The Children’s Internet Protection Act and Why Schools Need to Follow It

Sep 6, 2021

Since computers gained popularity in the 1980s and 1990s, school boards across the country made it a goal to provide computers in their classrooms. Having this kind of technology in schools changed the way students were able to both learn and access information.

However, as with most technology, problems began to arise, and the Children’s Internet Protection Act was born.

 

What is the Children’s Internet Protection Act (CIPA)?

 

According to the Federal Communications Commission (FCC), ​​the Children’s Internet Protection Act (CIPA) was enacted by Congress in 2000 to address concerns about children’s access to obscene or harmful content over the internet.

The CIPA requires schools and libraries that receive discounts for internet access to follow a certain set of guidelines.

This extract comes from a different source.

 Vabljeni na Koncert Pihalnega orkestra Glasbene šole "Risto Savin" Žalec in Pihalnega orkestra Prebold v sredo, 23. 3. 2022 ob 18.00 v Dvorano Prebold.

Those who receive discounts for internal connections through the E-rate program, a program that makes certain communications services and products more affordable for schools and libraries, must follow these requirements as well.

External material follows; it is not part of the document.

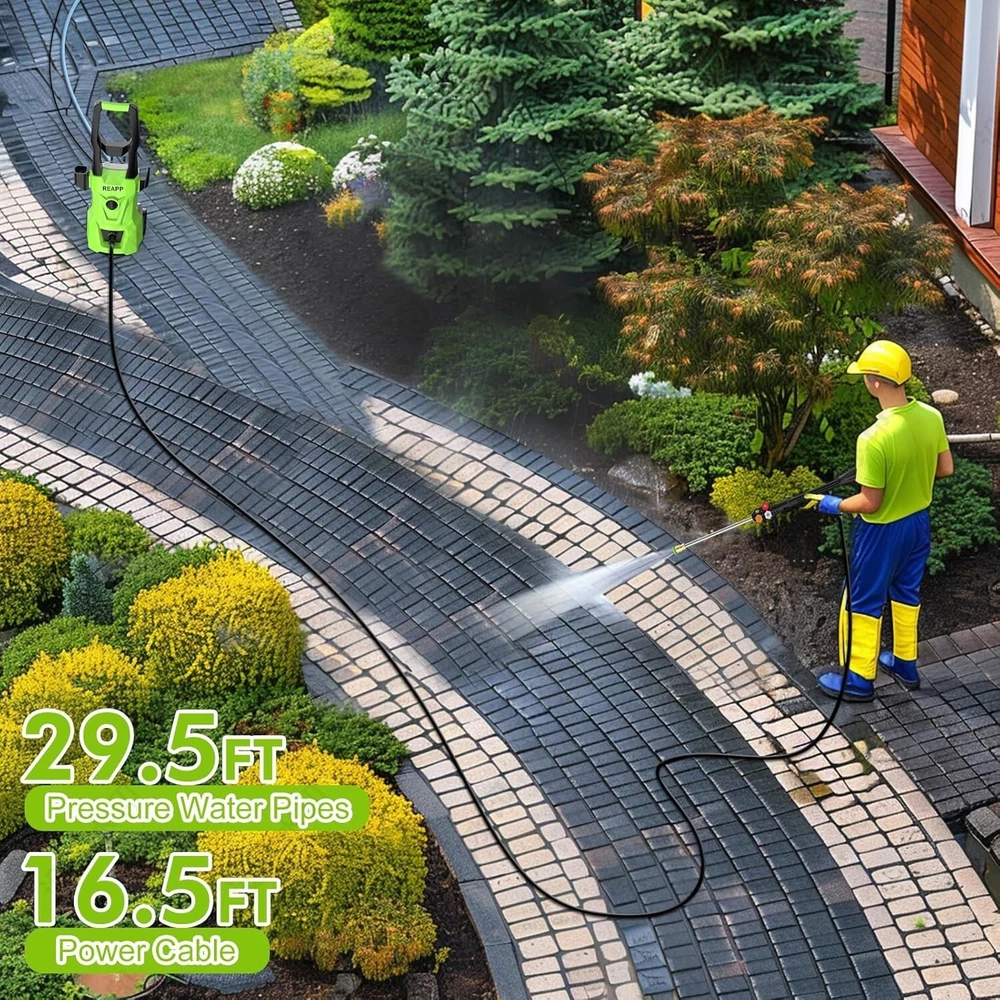 This electric pressure washer is a game-changer for deep cleaning! The 3000 PSI power blasts away stubborn dirt on driveways, cars, and patios without breaking a sweat. I love the 4 interchangeable nozzles—they make switching between tough grime and delicate surfaces a breeze. The 3.2 GPM flow keeps water waste low while still tackling big jobs fast. Super durable, easy to use, and much quieter than gas models. Perfect for cars, decks, and outdoor furniture—cleaning has never been this effortless! Highly recommend.

Schools and libraries subject to the CIPA can’t receive the discounts offered by the E-rate program unless they confirm that they have an internet safety policy that includes specific technology protection measures.

 

What is required based on the CIPA?

 

The protection measures enacted by schools following the CIPA must block or filter internet access to pictures that are:

  1. Obscene
  2. Child pornography
  3. Harmful to minors

 

These schools are also subject to two additional certification requirements:

  1. Their internet safety policies must include monitoring the online activities of minors
  2. As required by the Protecting Children in the 21st Century Act, they must provide for educating minors about appropriate online behavior, including interacting with other individuals on social networking websites and in chat rooms, and cyberbullying awareness and response

Before adopting their internet safety policy, schools and libraries must also provide reasonable notice and hold at least one public hearing or meeting to address the proposal.

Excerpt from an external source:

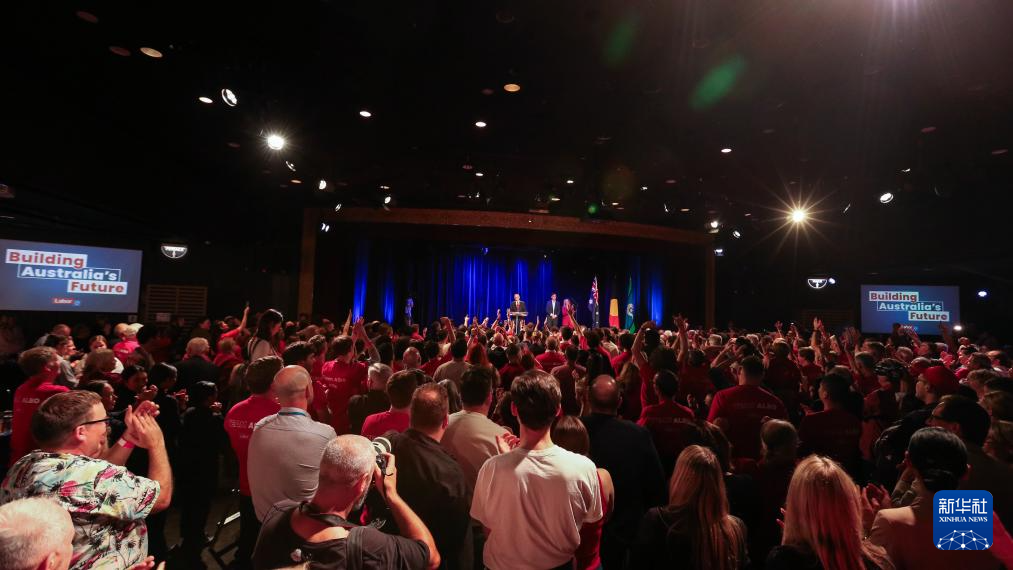 5月3日,在澳大利亚悉尼,工党支持者在竞选集会上庆祝胜利。

Furthermore, each school must have an internet safety policy addressing:

  1. Access by minors to inappropriate matter on the internet
  2. The safety and security of minors when using electronic mail, chat rooms, and other forms of direct electronic communications
  3. Unauthorized access, including so-called “hacking,” and other unlawful activities by minors online
  4. Unauthorized disclosure, use, and dissemination of personal information regarding minors
  5. Measures restricting minors’ access to materials harmful to them

 

Why was the CIPA created?

 

The internet was a game-changer for education, but with the web growing so quickly, there were many dangers that needed to be addressed before allowing children access to its material.

Today, we have various protections against cyber threats, but it wasn’t always this way.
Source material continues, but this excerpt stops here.